I used dplyr
and tidyr
since they are required for this assignment, and ggplot2
to create a basic bar plot summarising the flight delay information.
require(dplyr)
require(tidyr)
require(ggplot2)
For this assignment, I simply created a .csv file that looked identical to the given chart in the assignment description, nested rows, blank cells and all. The file is hosted in my GitHub repository, so we’ll just do a simple connection, read the data, and then set that to an object called delays
. Note that I set the header variable to true, so that the given cities are the column headers (the first two columns will be blank).
# open file
path <- ("https://raw.githubusercontent.com/Logan213/DATA607_Week6/master/airlinedly.csv")

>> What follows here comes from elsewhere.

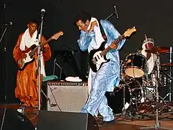 In vieler Hinsicht ähnlich, aber insgesamt deutlich rockiger, sind das Gitarrenspiel und die Musik des fünf Jahre jüngeren Mdou Moctar.
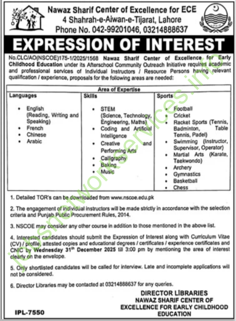 Nawaz Sharif Center of Excellence for ECE Lahore Jobs 2025 Latest

con <- file(path, open="r")
delays <- read.csv(con, header = TRUE, stringsAsFactors = FALSE)
# close file
close(con)
delays
## X X.1 LA PHX Sandiego SanFran Seattle
## 1 Alaska On Time 497 221 212 503 1841
## 2 Delayed 62 12 20 102 305
## 3 NA NA NA NA NA
## 4 AM West On Time 694 4840 383 320 201
## 5 Delayed 117 415 65 129 61
I played around with tidyr
and dplyr
for quite a bit, hoping to somehow rotate and fill in the blank cells I created. In the end, I set the names for my two blank column headers, dropped the empty row using slice
, and then filled in the empty Airline “cells” with the appropriate names using a simple assignment.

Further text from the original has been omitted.